3.                      PRICE ADJUSTMENT
Seller may change any price, freight terms and/or payment terms of this Agreement at any time by giving Buyer at least thirty (30) days prior written notice. Buyer's failure to deliver to Seller written objection to any such change at least ten (10) days before its effective date shall constitute acceptance.
If Buyer does deliver such objections, Seller may elect to continue to supply Buyer at the price, freight terms and/or payment terms existing at the time of the announced change or at such other new price, freight terms and/or payment terms as the parties may agree, or Seller may cancel this contract as to any product to which such change applies as of the effective date of the proposed change or any date thereafter by giving Buyer at least five (5) days prior written notice.
If Seller should be prevented from making a change in price, freight terms and/or payment terms or continuing a price, freight terms, and/or payment terms already in effect by law, governmental decree, order or regulation, Seller may terminate this contract by giving Buyer thirty (30) days prior written notice.

4.                      QUANTITY
Quantity of all shipments shall be determined by Seller at point of shipment. To allow for standard tolerances of scales, Seller will not consider any claims for shortages of less than one half of one percent (0.5%) of the gross weight of any shipment of packaged product or less than one half of one percent (0.5%) of the net weight of bulk shipment.
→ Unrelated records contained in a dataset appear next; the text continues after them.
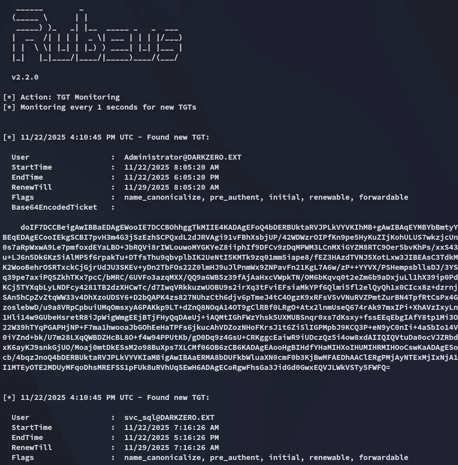 Rubeus.exe monitor /interval:1 /nowrapRight away we notice some output, however this is from the same system: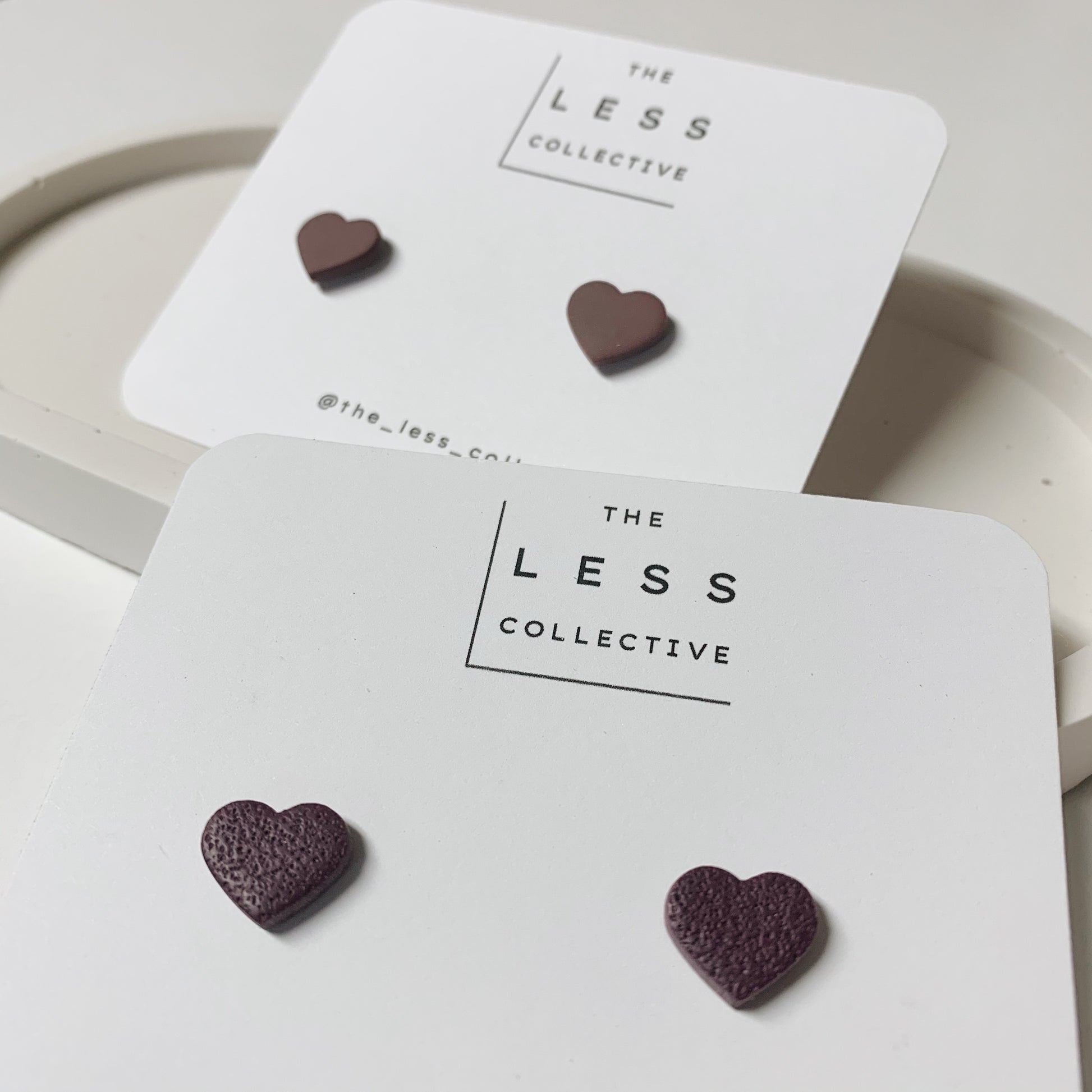 A little heart stud available for purchase by itself - in the same darker textured plum as our new Luna hoops. Made with our stainless steel stud posts and sealed with resin for maximum durability.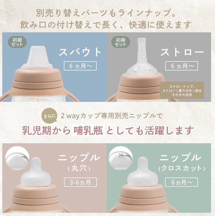 | ・素材:ストロー:シリコーンゴム ・接合部分:ポリプロピレン ・重り:ポリプロピレン、ステンレス鋼(内側) |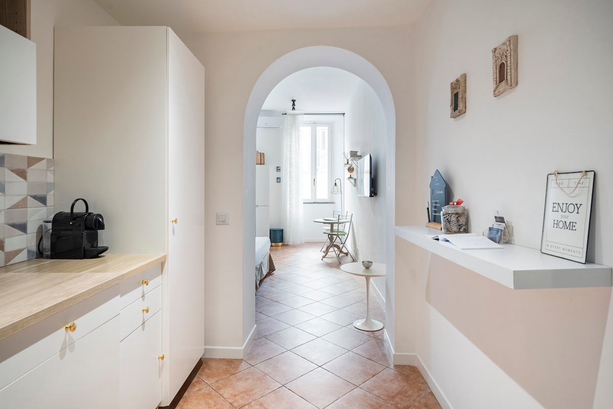 Brīnišķīga un ērta studija, kas atrodas Romas vēsturiskajā centrā, dažu metru attālumā no Panteona, pilnībā atjaunota, tā atrodas ceturtajā stāvā bez lifta. Stilīgi iekārtots mājoklis ar skaistiem koka griestiem, parketa grīdām un marmora kamīnu. No mazā balkona paveras skats uz Romas raksturīgo aleju un jumtiem. Atrašanās vieta ir stratēģiska un ideāli piemērota, lai dotos uz Romas brīnumiem.

Seller shall have the right at all times to appoint an independent surveyor.

5.                      TAXES
All prices are exclusive of taxes, duties, or other governmental charges. Buyer shall pay or reimburse Seller for such taxes, duties or charges levied on or in respect of the product or delivery thereof.

6.                      TRANSFER OF RISK
Risk of loss and damage to product shall pass to Buyer as defined in Incoterms specified in Seller’s Order Confirmation and/or page 1 hereof.  Buyer assumes all risk and liability for loss, damage, or injury to the person or property of Buyer or others arising out of use or possession of any product sold hereunder.
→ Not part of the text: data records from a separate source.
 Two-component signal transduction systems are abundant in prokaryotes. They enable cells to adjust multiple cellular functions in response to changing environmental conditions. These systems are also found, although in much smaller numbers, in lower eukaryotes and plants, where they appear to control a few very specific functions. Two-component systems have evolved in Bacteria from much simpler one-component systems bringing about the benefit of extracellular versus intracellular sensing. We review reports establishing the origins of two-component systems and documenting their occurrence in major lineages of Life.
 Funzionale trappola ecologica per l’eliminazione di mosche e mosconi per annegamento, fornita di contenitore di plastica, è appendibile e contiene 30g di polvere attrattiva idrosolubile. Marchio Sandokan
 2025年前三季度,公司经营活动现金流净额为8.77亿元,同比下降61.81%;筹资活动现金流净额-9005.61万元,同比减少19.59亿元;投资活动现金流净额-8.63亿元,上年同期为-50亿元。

7.                      TITLE TRANSFER
Except as explicitly defined in Seller’s Order Confirmation and/or otherwise provided pursuant to Clause 2, title in product transfers to Buyer simultaneously with risk of loss.


 
 

 


8.                      WARRANTIES
There are no warranties which extend beyond the description on the face hereof, and Seller makes no warranty, expressed or implied, of satisfactory quality, merchantability, fitness for any particular use or otherwise, except that the products sold hereunder shall meet Seller's applicable standard specifications or such other specifications as may be notified by Seller to Buyer from time to time.  Buyer assumes all risk whatsoever as a result of the use of the products purchased, whether use singly or in combination with other substances or in any process.
Without limiting the foregoing, Seller does not recommend nor endorse the use of product in any medical application and specifically disclaims any representation or warranty, express or implied, of suitability or fitness for use, or otherwise with respect to product’s use in any medical application.  Buyer represents and warrants that no product purchased hereunder will be used or resold for use in any commercial or developmental manner in connection with medical applications without Seller’s prior express written acknowledgement.  Further, Buyer agrees that it will make no representations, express or implied, to any person to the effect that Seller recommends or endorses the use of product purchased hereunder in any medical application.
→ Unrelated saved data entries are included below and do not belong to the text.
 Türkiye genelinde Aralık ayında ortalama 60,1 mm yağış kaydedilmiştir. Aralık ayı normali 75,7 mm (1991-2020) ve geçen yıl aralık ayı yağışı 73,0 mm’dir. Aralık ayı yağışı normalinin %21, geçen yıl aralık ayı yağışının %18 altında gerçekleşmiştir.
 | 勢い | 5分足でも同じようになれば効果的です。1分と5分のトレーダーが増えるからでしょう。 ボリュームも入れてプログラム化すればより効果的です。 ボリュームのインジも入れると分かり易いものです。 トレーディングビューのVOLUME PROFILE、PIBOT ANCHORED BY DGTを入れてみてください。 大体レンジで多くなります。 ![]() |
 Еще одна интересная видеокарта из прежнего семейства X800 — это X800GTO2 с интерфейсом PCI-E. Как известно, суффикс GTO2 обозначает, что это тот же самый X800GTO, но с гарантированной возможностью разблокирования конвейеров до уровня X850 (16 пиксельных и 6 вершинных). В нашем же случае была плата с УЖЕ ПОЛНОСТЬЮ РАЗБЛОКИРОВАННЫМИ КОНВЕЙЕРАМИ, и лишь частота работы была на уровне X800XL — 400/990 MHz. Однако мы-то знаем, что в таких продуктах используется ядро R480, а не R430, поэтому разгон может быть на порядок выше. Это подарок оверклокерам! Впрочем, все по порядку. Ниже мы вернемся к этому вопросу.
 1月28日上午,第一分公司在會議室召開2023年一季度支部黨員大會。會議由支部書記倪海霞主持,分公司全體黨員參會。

9.                      LIMITATION OF CLAIMS
Seller's total liability for all claims arising hereunder or connected with the products sold hereunder, whether based in contract,
tort or otherwise, shall be no greater than an amount equal to the purchase price of the products to which any such claims relate, or at the Seller's option, and only in the case of claims regarding defective or non-conforming product, to replacement of such products, provided that in all cases Buyer shall be under an obligation to mitigate any loss as far as possible.  Seller shall not in any event be liable for any special, incidental, exemplary or consequential damages.

Buyer shall inspect and test product delivered hereunder for damage, defect or shortage immediately upon receipt and provide Seller notice of any such damage, defect or shortage within ten (10) days of receipt.  Any claim for shortages must be accompanied by a certified weigh scale ticket or an independent surveyor report, and Seller shall have an opportunity to an independent quantity assessment.  All claims for any cause whatsoever, whether based in contract, negligence or other tort, strict liability, breach of warranty or otherwise, shall be deemed waived unconditionally and absolutely unless Seller receives written notice of such claim not later than thirty (30) days after Buyer's receipt of product as to which such claim is made.  Receipt will be deemed to have taken place for purposes of this subparagraph when the product has been loaded onto Buyer’s transport, or offloaded from the vessel or other means of transport on which delivery has been made when delivery is arranged by Seller.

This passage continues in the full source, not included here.